Biomarker discovery: quantification of microRNAs and other small non-coding RNAs using next generation sequencing

Juan Pablo Lopez  1   2 Alpha Diallo  3 Cristiana Cruceanu  4   5 Laura M Fiori  6 Sylvie Laboissiere  7 Isabelle Guillet  8 Joelle Fontaine  9 Jiannis Ragoussis  10   11 Vladimir Benes  12 Gustavo Turecki  13   14 Carl Ernst  15   16
Affiliations

Biomarker discovery: quantification of microRNAs and other small non-coding RNAs using next generation sequencing

Juan Pablo Lopez et al. BMC Med Genomics. .

Abstract

Background: Small ncRNAs (sncRNAs) offer great hope as biomarkers of disease and response to treatment. This has been highlighted in the context of several medical conditions such as cancer, liver disease, cardiovascular disease, and central nervous system disorders, among many others. Here we assessed several steps involved in the development of an ncRNA biomarker discovery pipeline, ranging from sample preparation to bioinformatic processing of small RNA sequencing data.

Methods: A total of 45 biological samples were included in the present study. All libraries were prepared using the Illumina TruSeq Small RNA protocol and sequenced using the HiSeq2500 or MiSeq Illumina sequencers. Small RNA sequencing data was validated using qRT-PCR. At each stage, we evaluated the pros and cons of different techniques that may be suitable for different experimental designs. Evaluation methods included quality of data output in relation to hands-on laboratory time, cost, and efficiency of processing.

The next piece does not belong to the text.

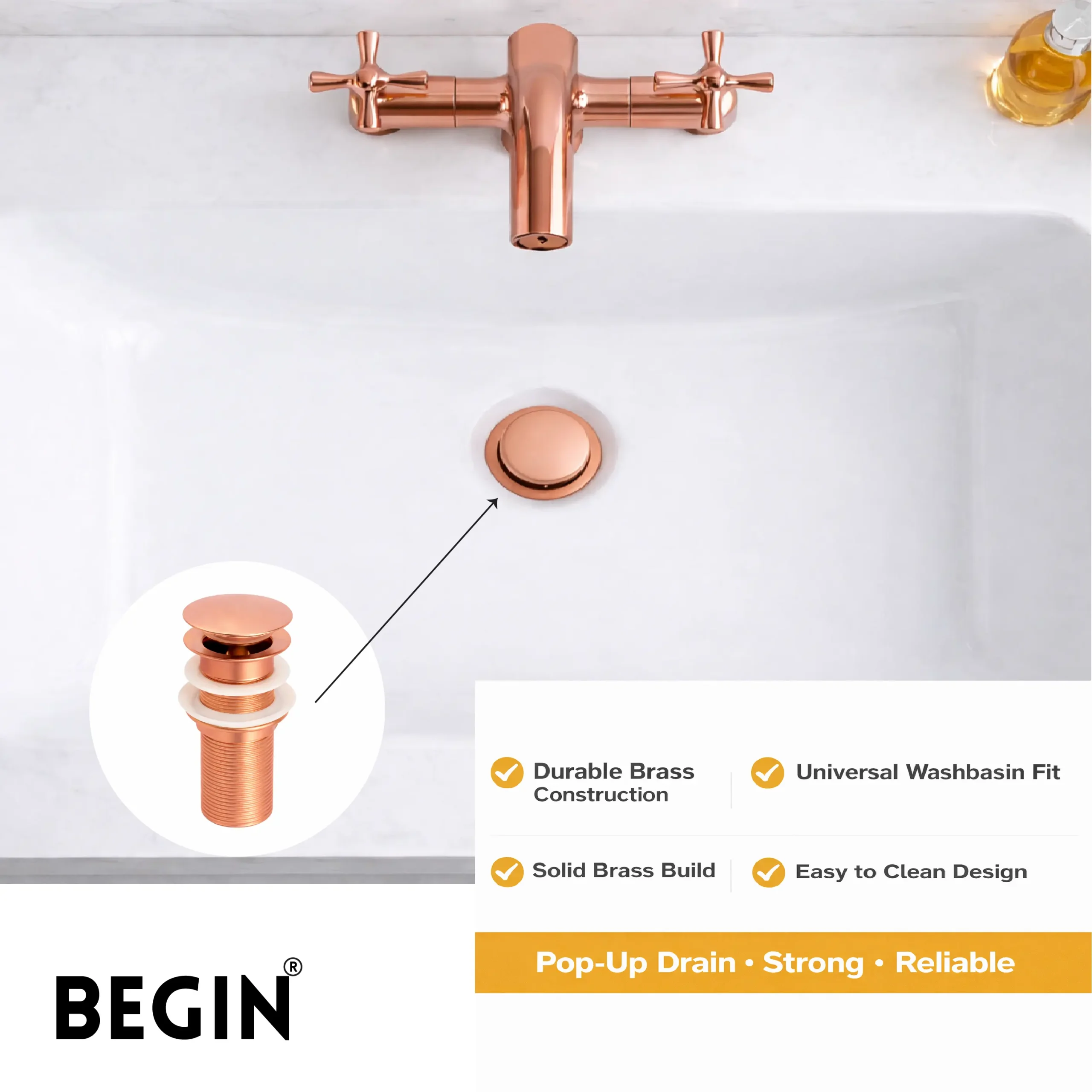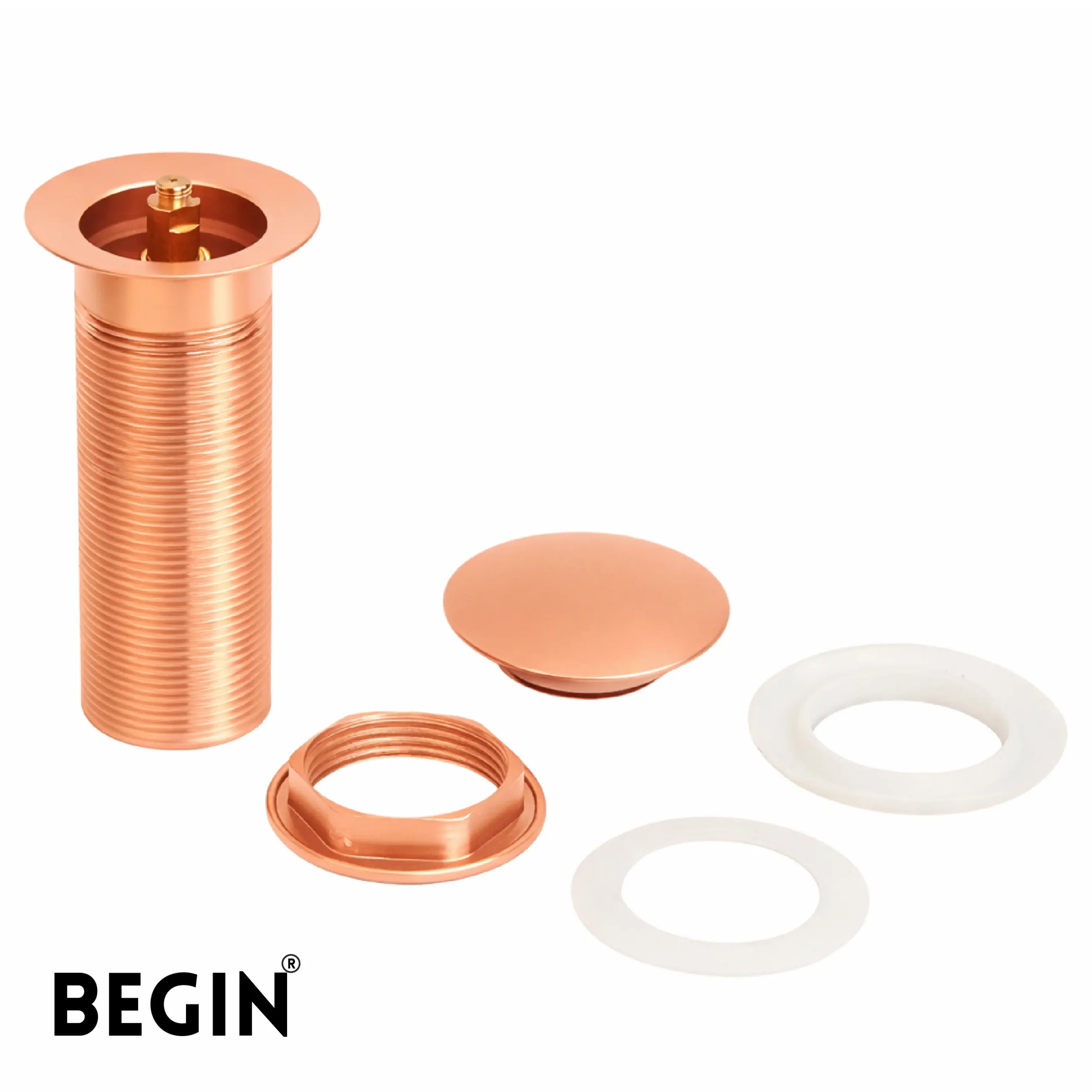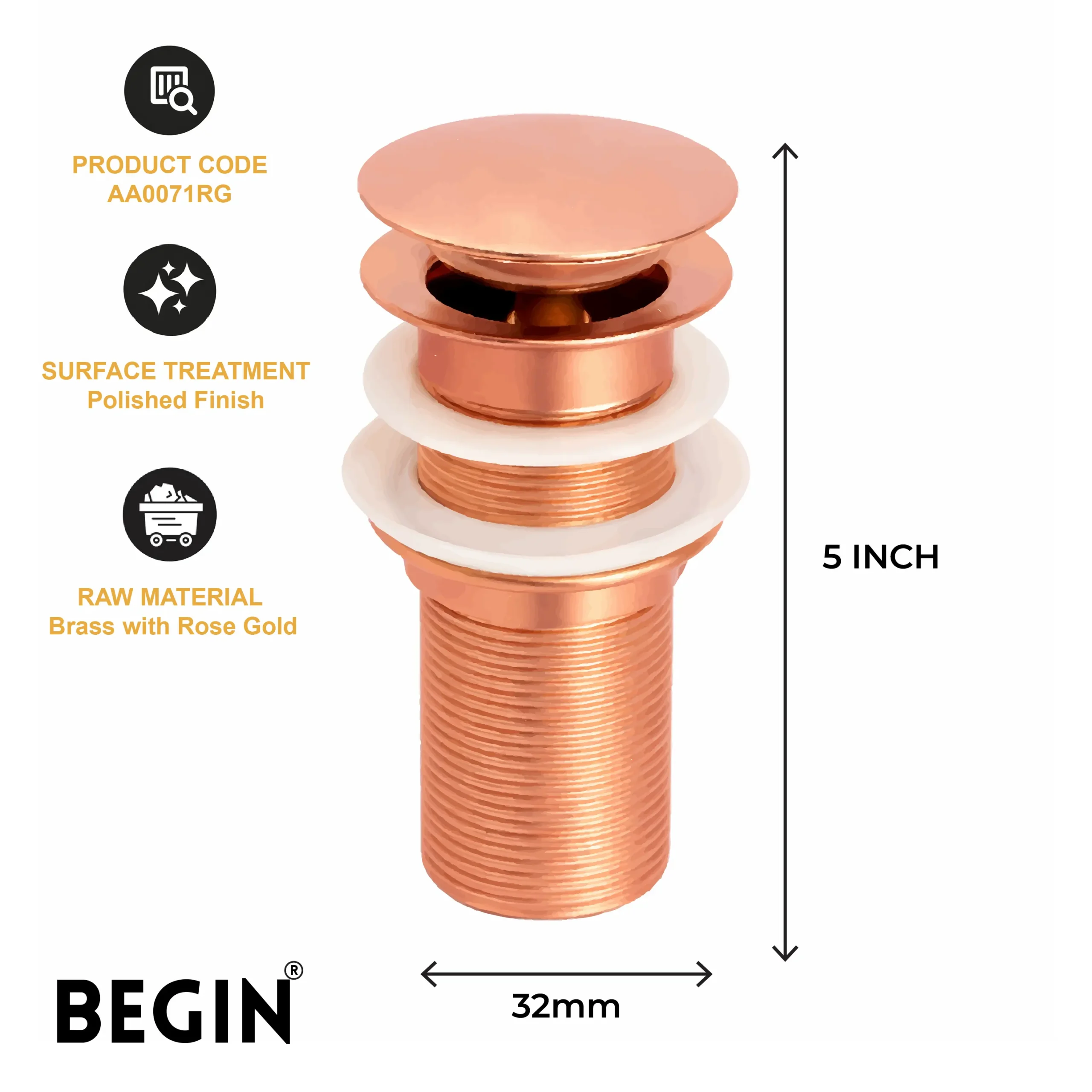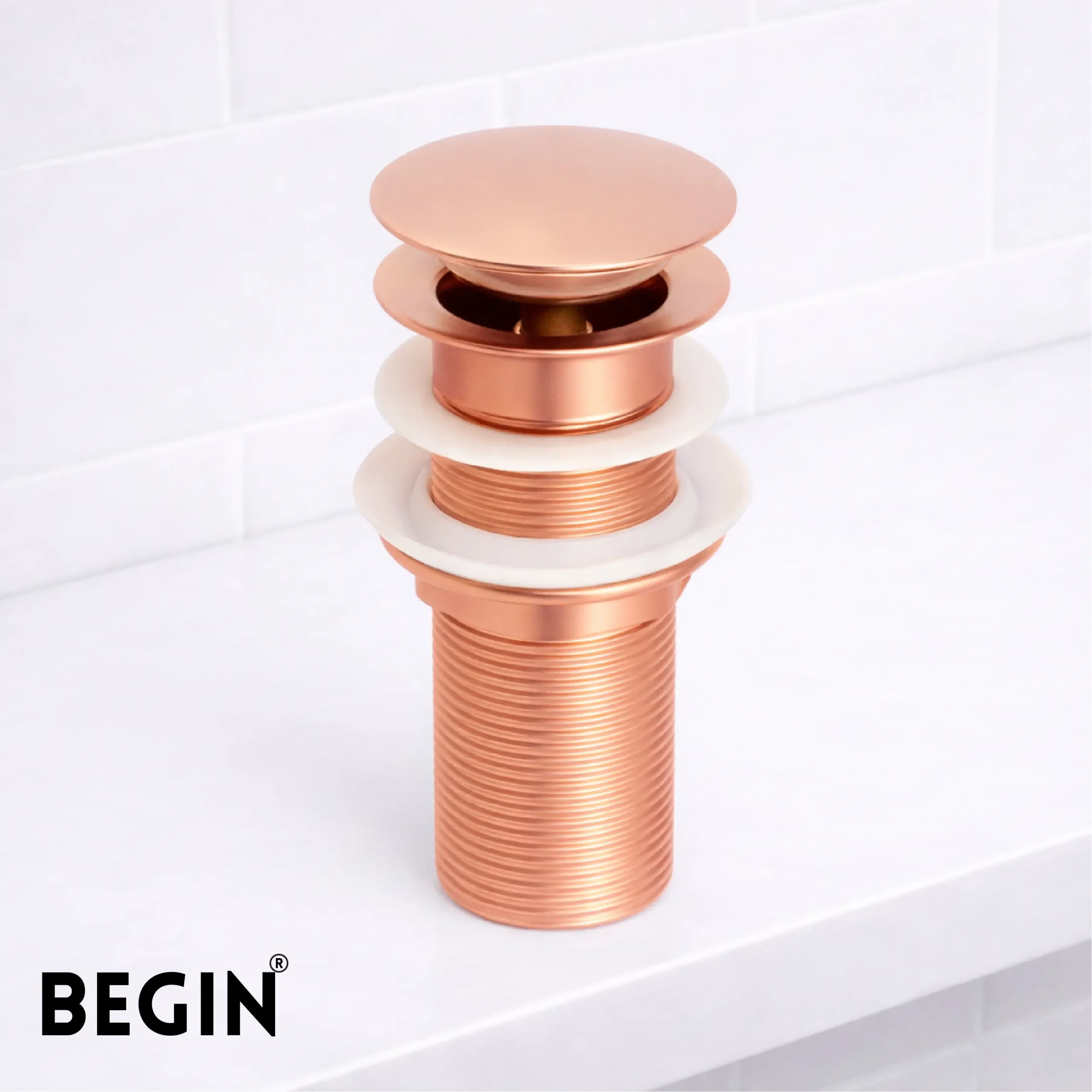 The BEGIN Pop Up 5″ Brass Waste Coupling Rose Gold AA0071RG is designed to provide smooth and convenient drainage for modern wash basins. Its push-pop mechanism allows users to easily open and close the drain with a simple press, ensuring better control of water flow while maintaining a clean and functional basin area.

Results: Our results show that good quality sequencing libraries can be prepared from small amounts of total RNA and that varying degradation levels in the samples do not have a significant effect on the overall quantification of sncRNAs via NGS. In addition, we describe the strengths and limitations of three commercially available library preparation methods: (1) Novex TBE PAGE gel; (2) Pippin Prep automated gel system; and (3) AMPure XP beads. We describe our bioinformatics pipeline, provide recommendations for sequencing coverage, and describe in detail the expression and distribution of all sncRNAs in four human tissues: whole-blood, brain, heart and liver.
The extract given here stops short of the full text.